**Task to complete:**
Restate, in full and unchanged, the entries that follow, but not their pictures.
—————
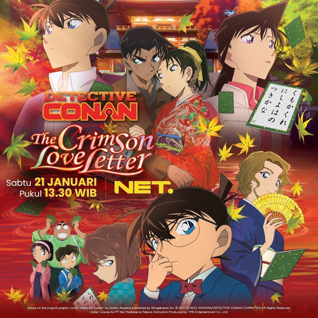 Sebelumnya sempat movie Sunflower Of Inferno dan The Darkest Nightmare telah ditayangkan NET pada momen Tahun Baru 2023 lalu. Kini menyambut Tahun Baru Imlek Imlek 2574/2023, NET dilaporkan berencana akan menayangkan movie Conan ke-21 dan 22, yakni Crimson Love Letter dan Zero The Enforcer, masing-masing pada hari Sabtu tanggal 21 Januari 2023, pukul 13.00 WIB, dan Minggu tanggal 22 Januari 2023, pukul 13.00 WIB. Pihak NET sendiri juga belum membuat pernyataan apapun hingga sekarang. Kini melalui media sosialnya, NET mengonfirmasi memang akan menayangkan movie Detektif Conan: Crimson Love Letter pada hari Sabtu, 21 Januari 2023. Namun jam penayangannya adalah pukul 13.30 WIB.
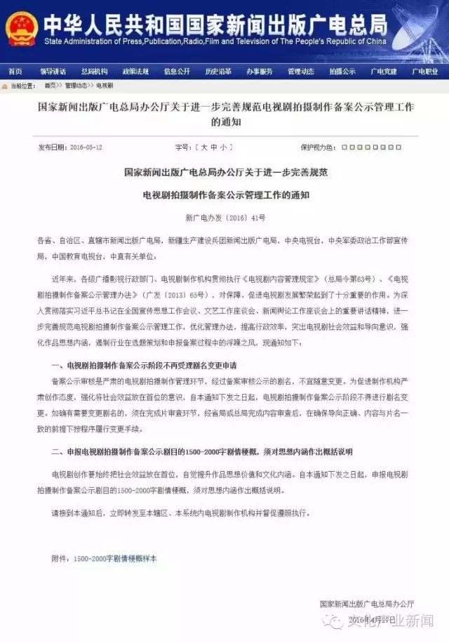 5月12日,国家新闻出版广电总局发布的《关于进一步完善规范电视剧拍摄制作备案公示管理工作的通知》显示:电视剧拍摄制作备案公示阶段不再受理剧名变更申请;同时,申报电视剧拍摄制作备案公示剧目的1500-2000字剧情梗概,须对思想内涵作出概括说明。以下为“通知”全文。
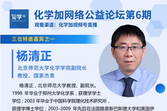 化學(xué)加網(wǎng)絡(luò)公益論壇第6期將于2022年6月4日(星期六)14:00-16:30舉行,我們很高興邀請到了北京師范大學(xué)化學(xué)學(xué)院副院長楊清正教授、大連理工精細(xì)化工國家重點(diǎn)實(shí)驗(yàn)室樊江莉教授、華東理工化學(xué)與分子...
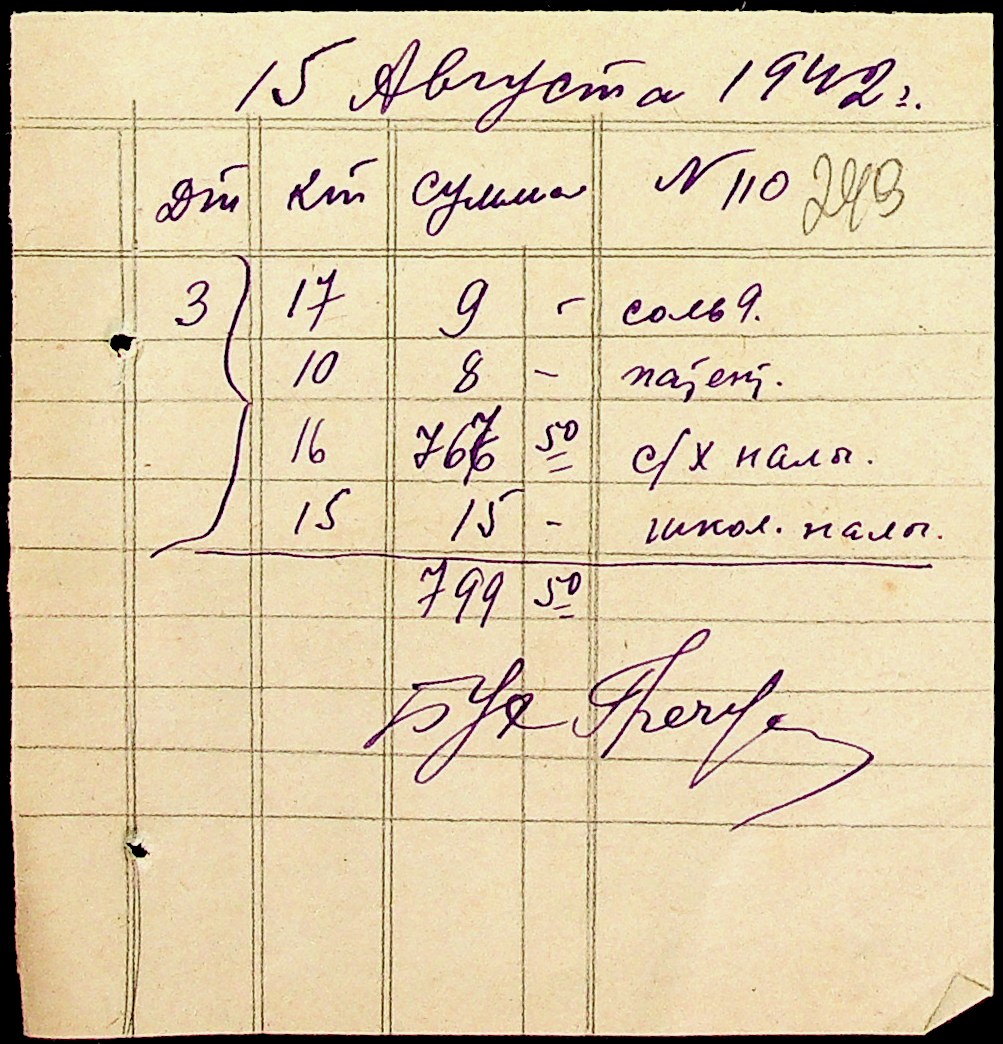 • • • • Справа № 15 “Відомості нарахування та виплати заробітної плати вчителям, медичним працівникам, працівникам млина та олійниці. Документи (довідки, доручення, заяви, касові звіти, квитанції) про фінансово-економічну діяльність Доманівської претури”
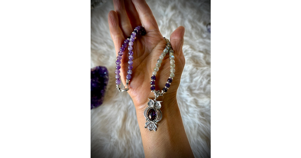 Amethyst Owl Necklace, Labradorite Gemstone, Sterling Silver
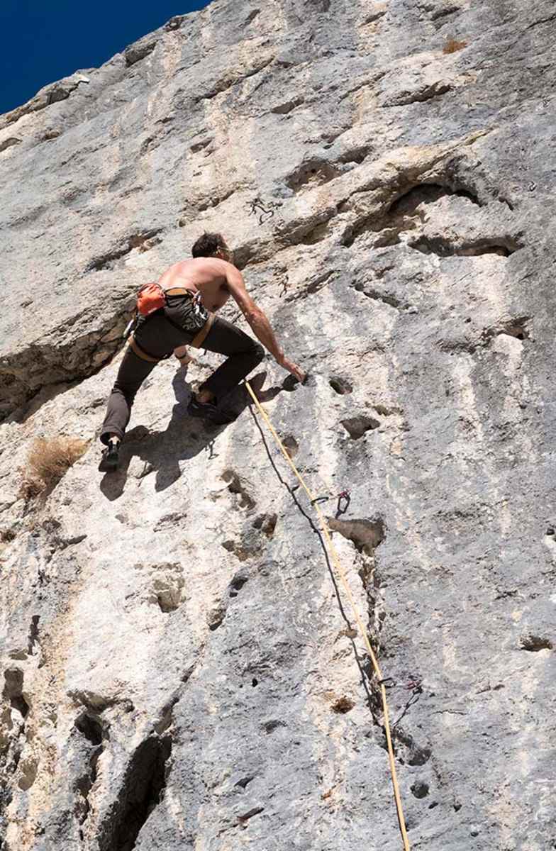 Von, kleinen und größeren Leisten, meist langen, weniger kurzen Linien, leichten Überhängen, aber auch senkrechten und stark überhängenden Wänden, wie auch großen und kleinen Löchern ist alles dabei. Dies verspricht eine immer spannende und abwechslungsreiche Kletterei.
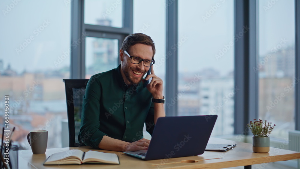 Friendly consultant calling smartphone entering laptop at workplace closeup.
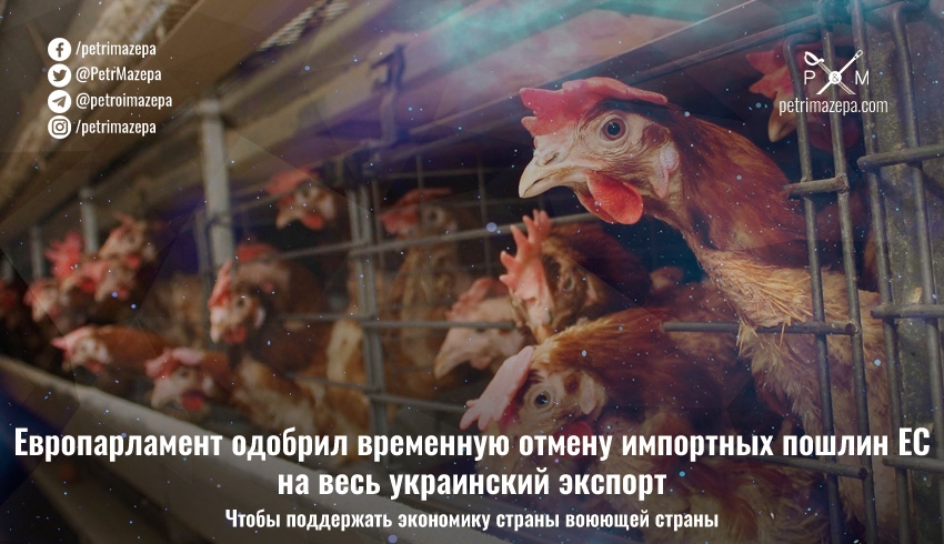 В четверг Европейский парламент поддержал отмену на один год импортных пошлин ЕС на весь украинский экспорт, чтобы поддержать экономику страны. За решение отдали свои голоса 515 евродепутатов, против были 32 и еще 11 воздержались.
—————
**Problem solution:**
 Sebelumnya sempat movie Sunflower Of Inferno dan The Darkest Nightmare telah ditayangkan NET pada momen Tahun Baru 2023 lalu. Kini menyambut Tahun Baru Imlek Imlek 2574/2023, NET dilaporkan berencana akan menayangkan movie Conan ke-21 dan 22, yakni Crimson Love Letter dan Zero The Enforcer, masing-masing pada hari Sabtu tanggal 21 Januari 2023, pukul 13.00 WIB, dan Minggu tanggal 22 Januari 2023, pukul 13.00 WIB. Pihak NET sendiri juga belum membuat pernyataan apapun hingga sekarang. Kini melalui media sosialnya, NET mengonfirmasi memang akan menayangkan movie Detektif Conan: Crimson Love Letter pada hari Sabtu, 21 Januari 2023. Namun jam penayangannya adalah pukul 13.30 WIB.
 5月12日,国家新闻出版广电总局发布的《关于进一步完善规范电视剧拍摄制作备案公示管理工作的通知》显示:电视剧拍摄制作备案公示阶段不再受理剧名变更申请;同时,申报电视剧拍摄制作备案公示剧目的1500-2000字剧情梗概,须对思想内涵作出概括说明。以下为“通知”全文。
 化學(xué)加網(wǎng)絡(luò)公益論壇第6期將于2022年6月4日(星期六)14:00-16:30舉行,我們很高興邀請到了北京師范大學(xué)化學(xué)學(xué)院副院長楊清正教授、大連理工精細(xì)化工國家重點(diǎn)實(shí)驗(yàn)室樊江莉教授、華東理工化學(xué)與分子...
 • • • • Справа № 15 “Відомості нарахування та виплати заробітної плати вчителям, медичним працівникам, працівникам млина та олійниці. Документи (довідки, доручення, заяви, касові звіти, квитанції) про фінансово-економічну діяльність Доманівської претури”
 Amethyst Owl Necklace, Labradorite Gemstone, Sterling Silver
 Von, kleinen und größeren Leisten, meist langen, weniger kurzen Linien, leichten Überhängen, aber auch senkrechten und stark überhängenden Wänden, wie auch großen und kleinen Löchern ist alles dabei. Dies verspricht eine immer spannende und abwechslungsreiche Kletterei.
 Friendly consultant calling smartphone entering laptop at workplace closeup.
 В четверг Европейский парламент поддержал отмену на один год импортных пошлин ЕС на весь украинский экспорт, чтобы поддержать экономику страны. За решение отдали свои голоса 515 евродепутатов, против были 32 и еще 11 воздержались.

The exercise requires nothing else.